Facial-recognition systems work only if the photograph is taken with
proper lighting and an especially bland expression on the face. Even
then, the error rate for facial-recognition software has proved to be
as high as 10% in tests. If that were translated into reality, one
person in ten would need to be pulled aside for extra
screening. Fingerprint and iris-recognition technology have
significant error rates, too. So, despite the belief that biometrics
will make crossing a border more efficient and secure, it could well
have the opposite effect, as false alarms become the norm.

The third, and scariest problem, however, is one that is deliberately
built into the technology, rather than being an accident of its
present inefficiency. This is the remote-readability of the chip,
combined with the lack of encryption of the data held on it. Passport
chips are deliberately designed for clandestine remote reading. The
ICAO specification refers quite openly to the idea of a walk-through
inspection with the person concerned possibly being unaware of the
operation . The lack of encryption is also deliberate both to promote
international interoperability and to encourage airlines, hotels and
banks to join in. Big Brother, then, really will be watching you. And
others, too, may be tempted to set up clandestine walk-through
inspections where the person is possibly unaware of the operation
. Criminals will have a useful tool for identity theft. Terrorists
will be able to know the nationality of those they attack.

Belatedly, the authorities have recognised this problem, and are
trying to do something about it. The irony is that this involves
eliminating the remote readability that was envisaged to be such a
crucial feature of the system in the first place.

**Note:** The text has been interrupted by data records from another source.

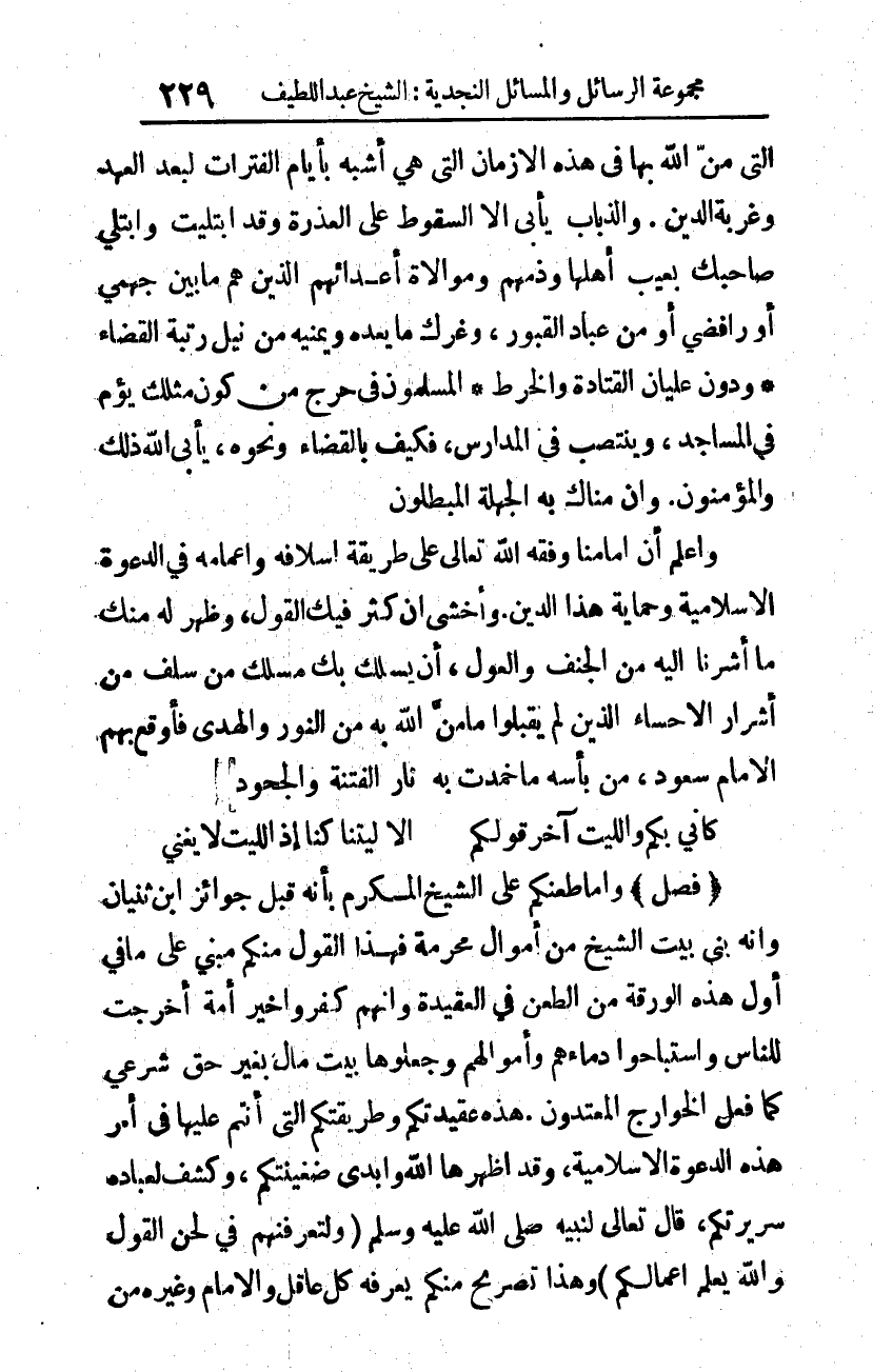 (فصل) وأما طعنكم على الشيخ المكرم بأنه قبل جوائز ابن ثنيان، وأنه بنى بيت الشيخ من أموال محرمة، فهذا القول منكم مبني على ما في أول هذه الورقة من الطعن في العقيدة، وأنهم كفّروا خير أمة أخرجت للناس، واستباحوا دماءهم وأموالهم، وجعلوها بيت مال بغير حق شرعي، كما فعل الخوارج المعتدون. هذه عقيدتكم وطريقتكم التي أنتم عليها في أمر هذه الدعوة الإسلامية، وقد أظهرها الله، وأبدى ضغينتكم، وكشف لعباده سريرتكم، قال -تعالى- لنبيه صلى الله عليه وسلم {فِي لَحْنِ الْقَوْلِ وَاللَّهُ يَعْلَمُ أَعْمَالَكُمْ} 1. وهذا تصريح منكم يعرفه كل عاقل، والإمام وغيره من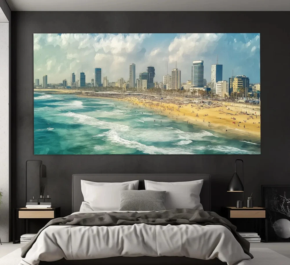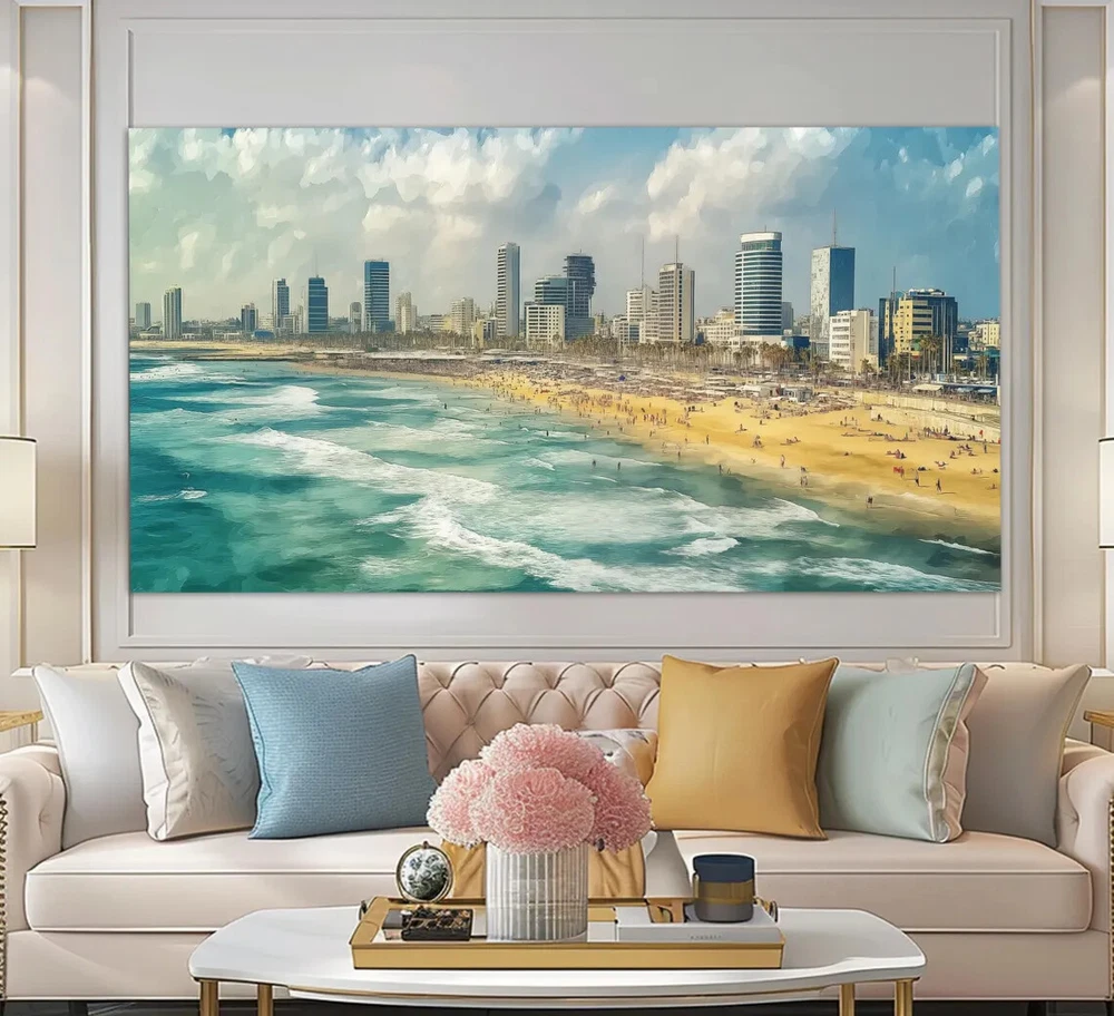 Tel Aviv Vintage Oil Painting Israel Unframed Canvas Print Australian Wall Art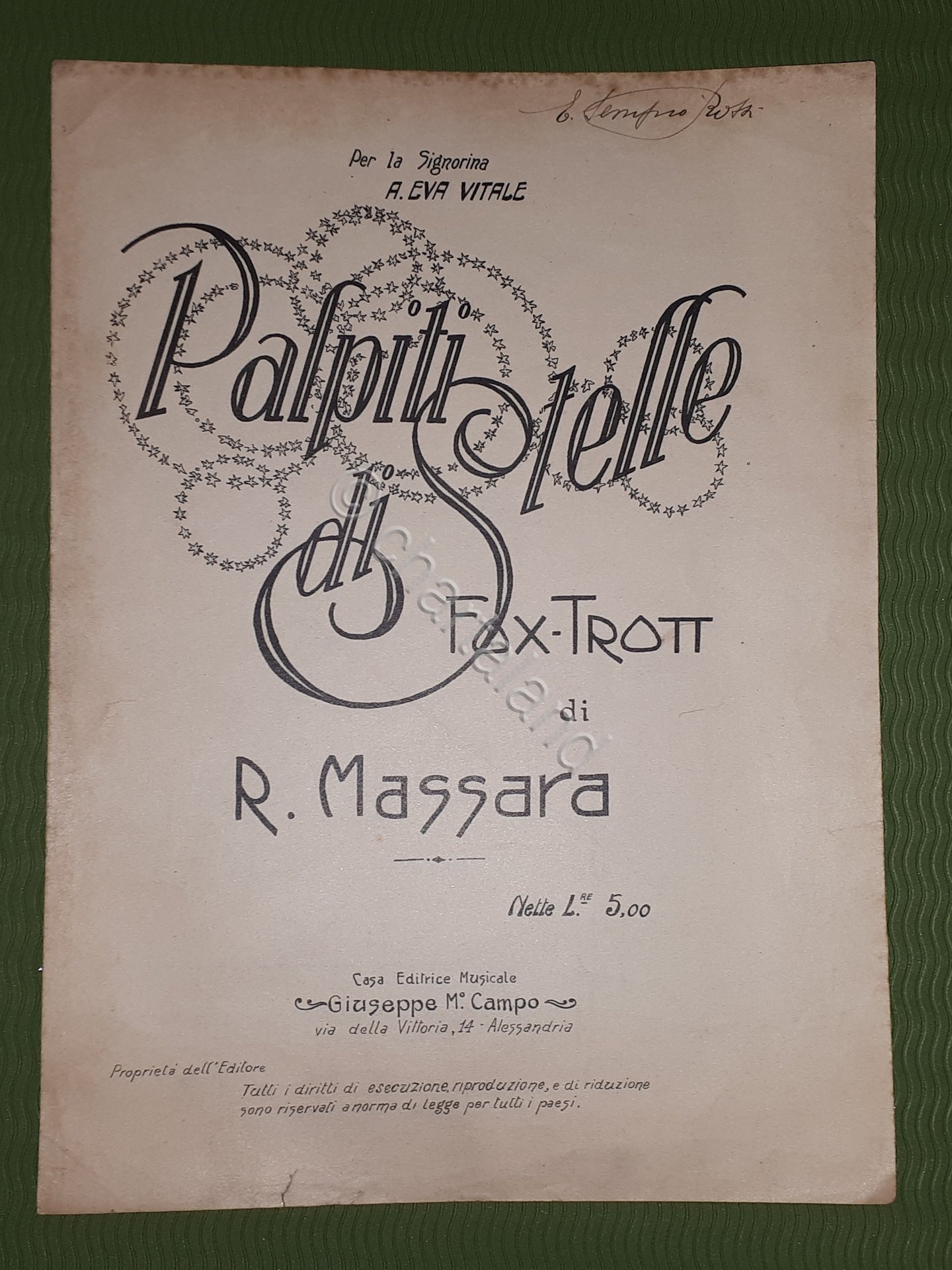 Spartito - Palpiti di Stelle - Fox - Trot di R. Massara - 1930 ca.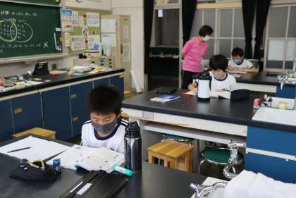 5年算数 「倍数・公倍数」 〜練習問題を解いて答え合わせ〜 9月7日(火) 公開日 2021/09/10 更新日 2021/09/10 校長室から コロナ感染防止のため算数の授業でも、対面式とせず学習しました。倍数の復習をした後、数直線を使って2つの倍数を考え、その公倍数を求める問題に取り組みました。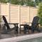 Chaises de jardin Adirondack avec table PEHD AnthraciteCette chaise de jardin Adirondack avec table est un supplément pratique et élégant à votre jardin, patio ou terrasse. Matériau de première qualité : les chaises et la table de patio sont fabriquées en PEHD (polyéthylène haute densité) résistant aux intempéries et aux rayons UV. Ce matériau améliore parfaitement les défauts du bois massif, qui se décompose et se fissure facilement, surtout les jours de pluie. Surface nécessitant peu d'entretien : l'ensemble de meubles d'extérieur ne nécessite pas de peinture, de teinture, d'imperméabilisation ou d'entretien similaire. Il suffit de le laver avec du savon, de l'eau et une brosse à poils doux. Avec un minimum d'entretien, ces chaises et cette table durables vous offriront des années d'utilisation. Design confortable : équipées d'accoudoirs larges et d'un dossier haut, ces chaises d'extérieur vous offrent un confort optimal. Table pratique : la table Adirondack vous permet de placer votre téléphone, vos lunettes de soleil, votre boisson et d'autres petits objets. Remarque : Afin de prolonger la durée de vie de votre mobilier d'extérieur, nous vous recommandons de le protéger avec une housse imperméable. Maximum 110 kg par siège. ,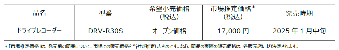 製品ページ:https://www.kenwood.com/jp/car/drive-recorders/products/drv-r30s/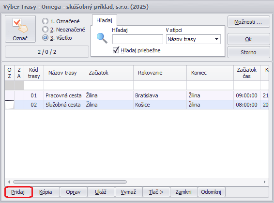Dostaneme sa do formulára Výber Trasy, kde si cez voľbu Pridaj vytvoríme štandardnú jazdu.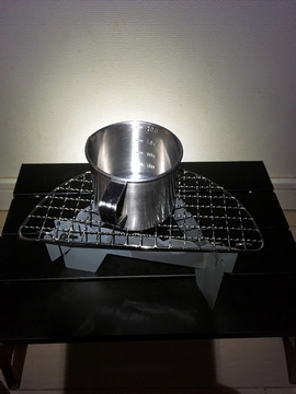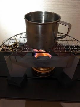 実際に五徳の上にカップを置いてみると。案の定、ぎりぎり。ちょっと置く位置を間違えたら崩れます。火のついたアルコールに水が入って、流れ出るなんて炎の流出、インシデントです。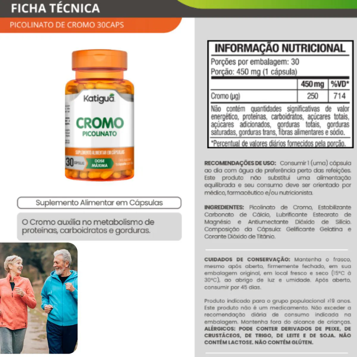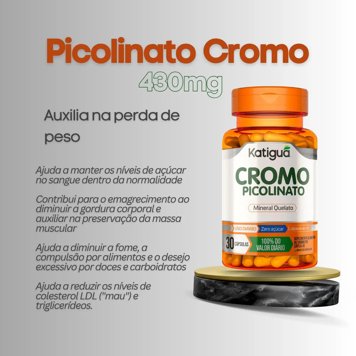 Suplemento mineral formulado com cromo, nutriente essencial para o metabolismo de proteínas, carboidratos e gorduras.Benefícios: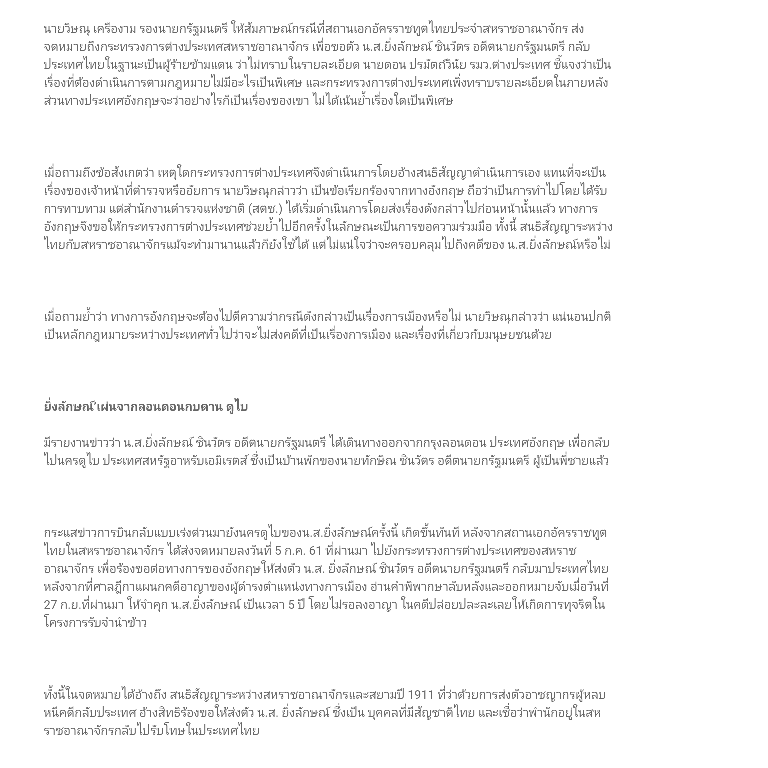 ทั้งนี้ในจดหมายได้อ้างถึง สนธิสัญญาระหว่างสหราชอาณาจักรและสยามปี 1911 ที่ว่าด้วยการส่งตัวอาชญากรผู้หลบหนีคดีกลับประเทศ อ้างสิทธิร้องขอให้ส่งตัว น.ส. ยิ่งลักษณ์ ซึ่งเป็น บุคคลที่มีสัญชาติไทย และเชื่อว่าพำนักอยู่ในสหราชอาณาจักรกลับไปรับโทษในประเทศไทย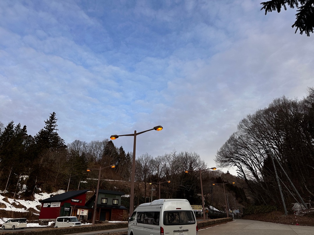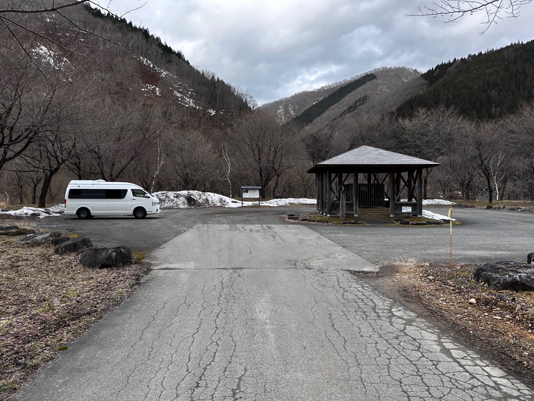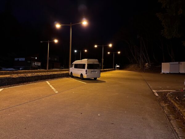 そして朝です。車中泊をしたのは両側の駐車場合わせて6台くらいでした。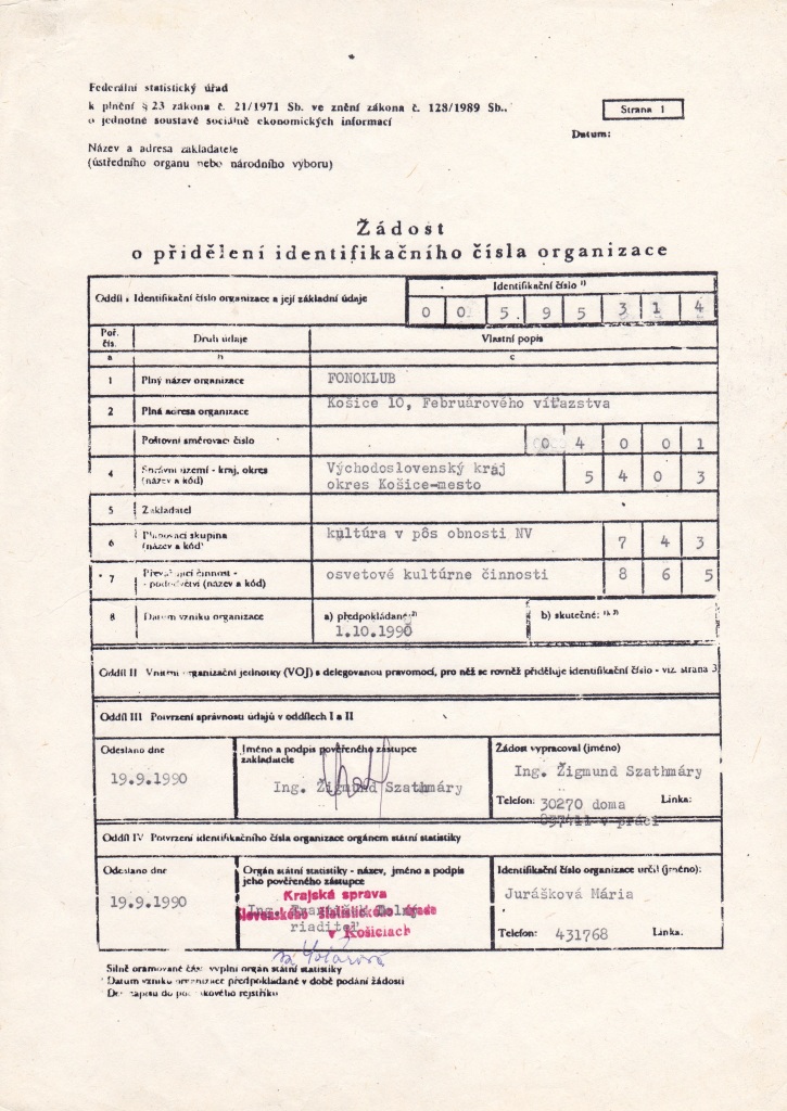 Pôvodné tlačivo pridelenia identifikačného čísla organizácie z roku 1990 vydané Federálním statistickým úřadem.

One approach is to imprison the chip in a Faraday cage. This is a
contraption for blocking radio waves which is named after one of the
19th-century pioneers of electrical technology. It consists of a box
made of closely spaced metal bars. In practice, an aluminium sheath
would be woven into the cover of the passport. This would stop energy
from the reader reaching the chip while the passport is closed.

Another approach, which has just been endorsed by the European Union,
is an electronic lock on the chip. The passport would then have to be
swiped through a special reader in order to unlock the chip so that it
could be read. How the European approach will interoperate with other
countries' passport controls still needs to be worked out. Those
countries may need special equipment or software to read an EU
passport, which undermines the ideal of a global, interoperable

Sceptics might suggest that these last-minute countermeasures call into
doubt the reason for a radio-chip device in the first place. Frank Moss, of

America's State Department, disagrees. As he puts it, I don't think it
questions the standard. I think what it does is it requires us to come
up with measures that mitigate the risks. However, a number of
executives at the firms who are trying to build the devices appear to
disagree. They acknowledge the difficulties caused by choosing
radio-frequency chips instead of a system where direct contact must be
made with the reader. But as one of them, who preferred not to be
named, put it: We simply supply all the technology the choice is not
up to us. If it's good enough for the US, it's good enough for us.

Whether it actually is good enough for the United States, or for any other
country, remains to be seen. So far, only Belgium has met America's
deadline. It introduced passports based on the new technology in November.

However, hints from the American government suggest that the October
deadline may be allowed to slip again (it has already been put back
once) since the Americans themselves will not be ready by then. It is
awkward to hold foreigners to higher standards than you impose on
yourself. Perhaps it is time to go back to the drawing board.